E = wf.focus(100 * u.mm, with_units=with_units)
psf = E.intensity
fno = 10
psf_radius = 1.22*(HeNe * u.um)*fno
psf.plot2d(xlim=psf_radius*10, power=1/3, cmap='gray', interpolation='bicubic')

Next challenge is wf.focus(). It basically calls two functions, focus (which does the FFT stuff, no probs) and then pupil_sample_to_psf_sample, which does changes the sample spacing. It is easy enough to do a @u.wraps and with_units.

In the meantime I did modify the RichData object to accept units as well, also with @u.wraps and with_units. Except it is more tricky, because RichData does not use mm everywhere. In psf space uses microns. When you do psf_to_mtf it becomes cycles/mm. This sort of thing makes life with units a tad more difficult. I did find my ways around it without modifying the library, but would have been way easier if I could have a RichData object where I specified the units for example.

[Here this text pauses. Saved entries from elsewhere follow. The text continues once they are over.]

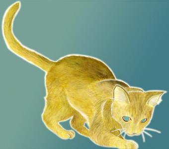 余談になりますが、今日の夕方から着彩を始めたところ、薄暗い部屋で下地を塗っていた所為で、思いも依らないほど真っ黄色なネコに.....
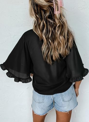 EVALESS Summer Outfits for Women Crewneck Bell Sleeve Tops with Ruffled Trim Cute Shirts Casual Loose Fit 2025 3
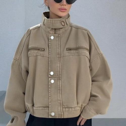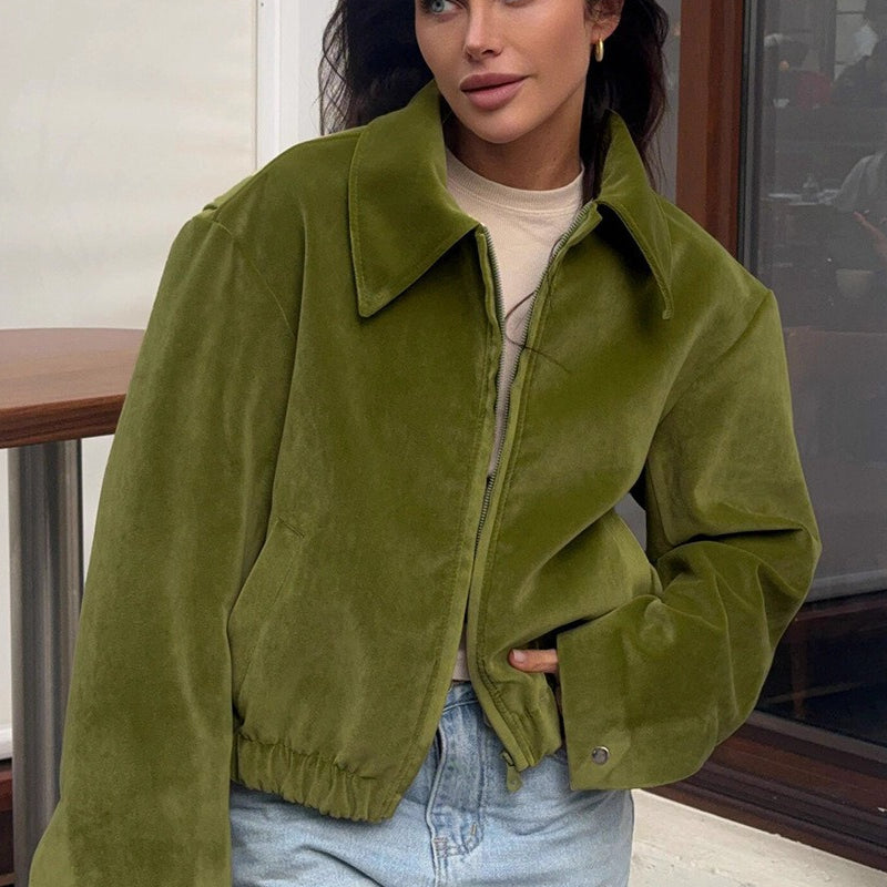 Giacca casual elegante in pelle scamosciata a maniche lunghe
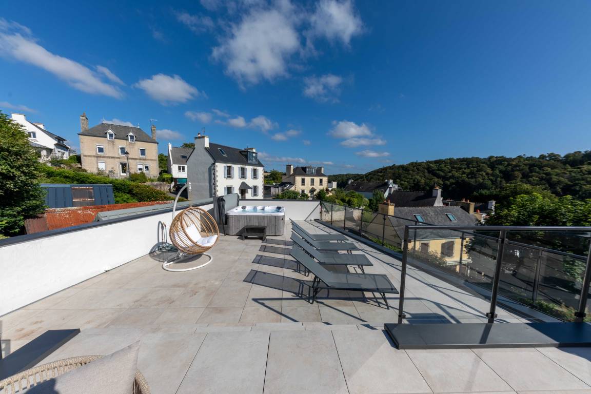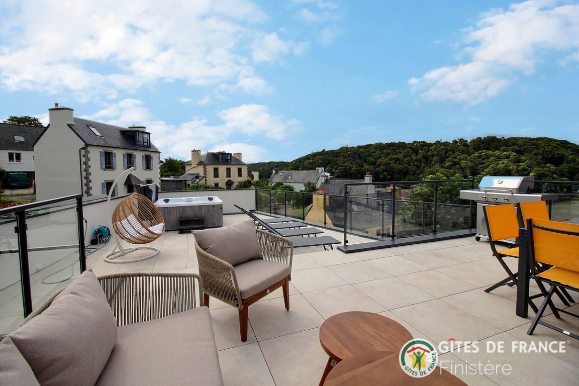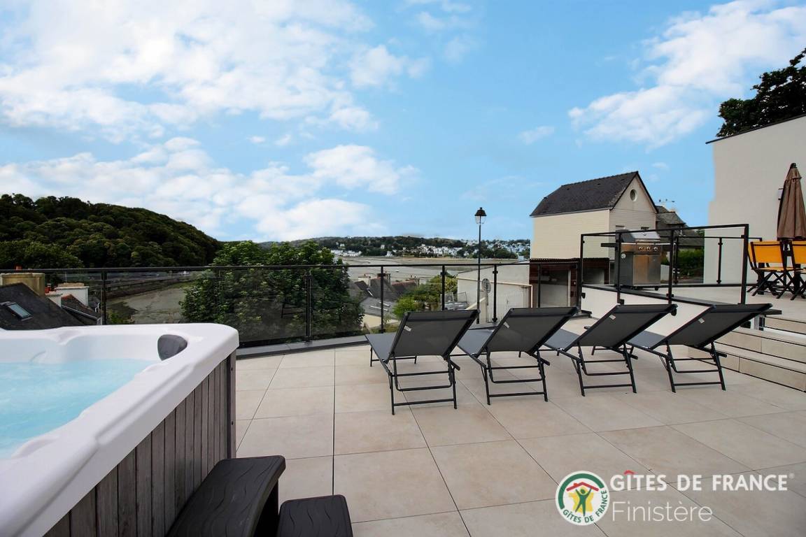 „Une vraie maison de vacances au pied du port Dourduff.La maison est neuve avec une grande terrasse, un jacuzzi, un barbecue au gaz, la vue est magnifique. Elle est lumineuse, parfaitement équipée et la literie est très confortable. Les propriétaires sont charmants, prévenants et très accueillants. Nous avons été accueillis un panier gourmand de spécialités régionales et un excellent far Breton.1000 mercis pour cet excellent séjour dans le Finistère !“
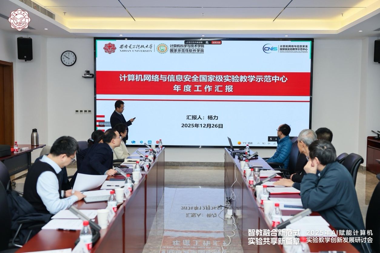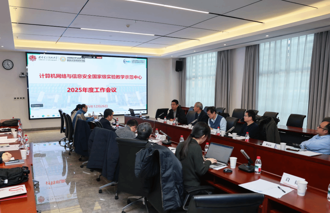 12月26日上午,“计算机网络与信息安全国家级实验教学示范中心2025年度工作会议”在南校区会议中心A121会议室举行。国家级教学名师、西安交通大学桂小林教授,国家级教学名师、陕西师范大学傅钢善教授,西北大学信息科学与技术学院副院长冯筠教授、实验中心主任杨建锋高级工程师,华为高校系统部鲁月华主任,西电教务处副处长兼教师教学发展中心办公室主任杨明磊,电子工程学院副院长任爱锋,yl7703永利集团副院长万波、本科教学办公室主任张亚菲及实验教学中心教师代表,共计20余人参加会议。会议由学院副院长兼国家级实验教学中心主任杨力主持。
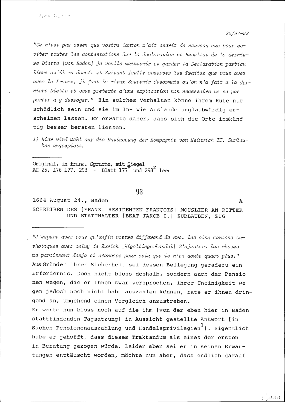 Schreiben von François Mouslier, Resident von Frankreich, an Beat Jakob I. Zurlauben, Statthalter, Zug
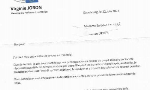 Je vous remercie de votre soutien ; vu que je vous annonce une nouvelle d'encouragement car ma mère vient d'obtenir une réponse de sa démarche auprès de la Députée européenne Virginie JORON qui m'annonce qu'elle ce tient à nos côtés pour tenir dans l'adversité. Voir image ci-dessus.
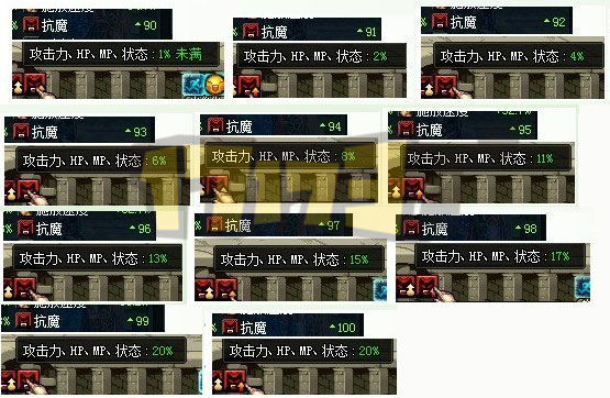 众所周知,刷异界都需要抗魔!我曾经做个测试:异界K级90-100抗魔加成一览表
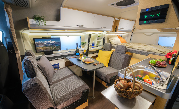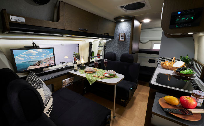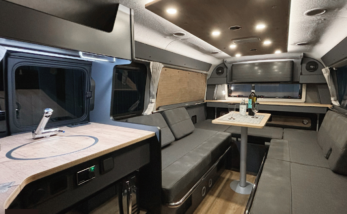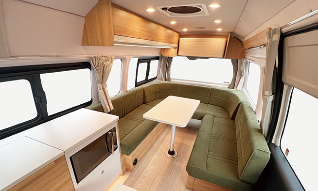リアルウッドを多用した上質な室内空間と強力な電装システムを搭載。落ち着いた“隠れ家”のような雰囲気が魅力。
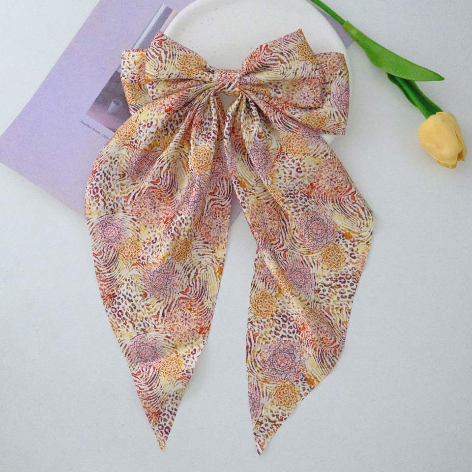 Wholesale Women's Leopard Hair Clip Big Bow Barrette with Long Tail Ribbon Hair Accessories
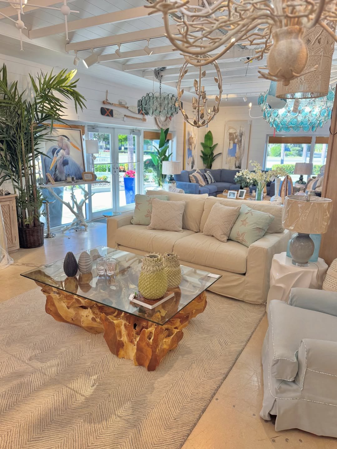 This space feels open, breezy, and full of life. Natural light, leafy greens, and soft upholstery create that indoor-outdoor feeling that coastal homes do so well.
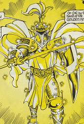 Powers: The Golden Knight was a magical construct that was the essence of Sir Percival of the Knights of the Round Table's virtue. The Golden Knight was equipped with a magic suit of armor, shield and Sword of Truth that could shoot beams of light that searched a target's heart and mind to determine if they were possessed of virtue. If the Golden Knight were to be destroyed he would soon reform unharmed.
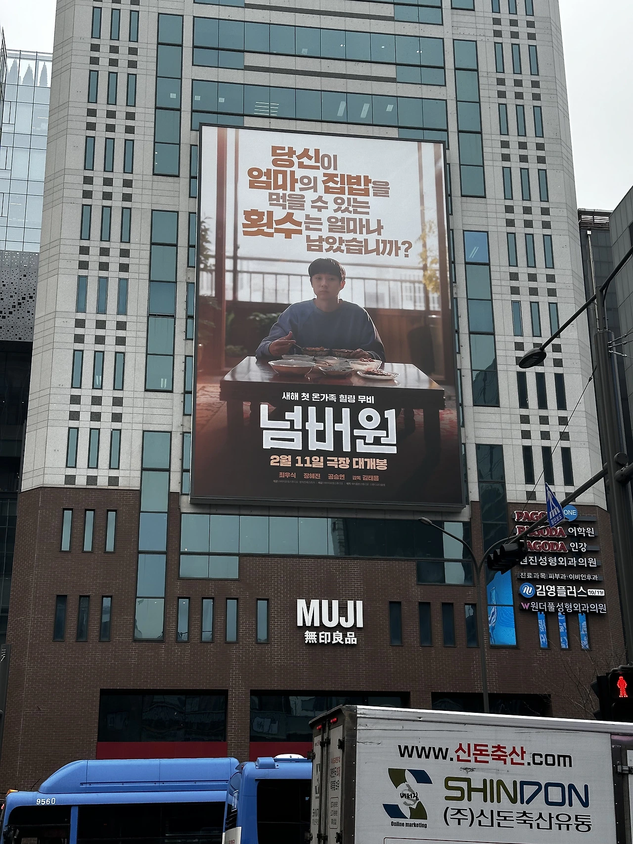 상을 물리고 나서 엄마와 같이 산책을 나가기로 했습니다. 세수하고 운동복 차림으로 엄마와 외출했습니다. 휴일이나 연휴 때면, 동네에는 다니는 사람이 적습니다. 구정 연휴라서 많은 상가들은 영업을 하지 않습니다. 엄마와 팔짱을 끼고 손을 잡고 걸었습니다. 횡단 보도 앞 빨간등을 바뀌고 우리는 섰습니다. 길 건너 대로 변 큰 건물에 대형 영화 포스터가 붙어 있었습니다.
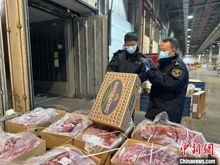 海关关员对进口肉类开展现场监管。高薇 摄
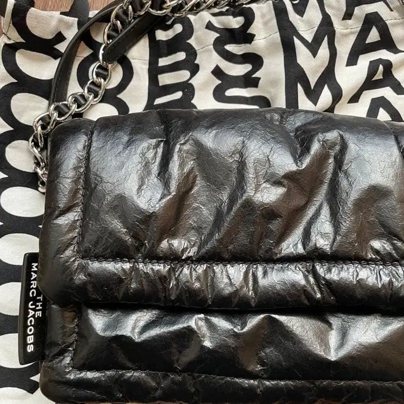 퀼팅 디자인의 블랙 숄더백, 체인 스트랩 포함. - 브랜드: MARC JACOBS - 색상: 블랙 - 소재: 나일론 - 디자인: 퀼팅 - 스트랩: 체인 포함 - 부속품: 토트백 방문해 주셔서 감사합니다.

The final straw for me was the Wavefront.intensity. It is a "property", so accepts no flags, yet it does define a RichData object, for which I need to be able to define the with_units flag. This was where I threw in the towel, because I can't make a property into a function call without breaking the code for everyone else.

egemenimre commented 8 hours ago

It was later when my head cooled I realised the global config setting at the very beginning would solve all the issues and keep everything under the hood. For this we may need to work together in a units_support branch. The entire undertaking would be a huge PR, assuming you see some value in all this, now that you understand how pint works with @u.wraps.

egemenimre commented 8 hours ago

Another remark: plot2d xlim doesn't like to be used like this when you have units:

psf.plot2d(xlim=psf_radius*10, power=1/3, cmap='gray', interpolation='bicubic')

The limits are then completely borked, it looks like I see the complete space.

This is what I do elsewhere:

# image limits (with units)
xlim = airy_radius * 2

# note how I define units for the axis labels
psf_mono.plot2d(xlim=(-xlim, xlim), log=False, axis_labels=(xlim.u,xlim.u))

Furthermore, the axis labels here should be units by default (thanks to pint matplotlib support) but you explicitly send (None, None) when nothing is defined, which deletes the units.

egemenimre commented 8 hours ago

Side note regarding Quantity. If you define a parameter with units, say dx = 5 * u.mm, you can't sum it with a float any more. Which makes sense, because what is dx + 5?

On the other hand, division and multiplication works: dx/5 = 1 * u.mm and dx / (5 * u.mm) = 1 * u.dimensionless.

Units handling may need some care, because dx / (5 * u.um) is not 1000 * u.dimensionless but 1 u.mm / u.um. It is not wrong, but not what you expect either. Usually it does not matter, but sometimes you have to use dx.to_reduced_units() to force everything into a single type (here it would be u.dimensionless).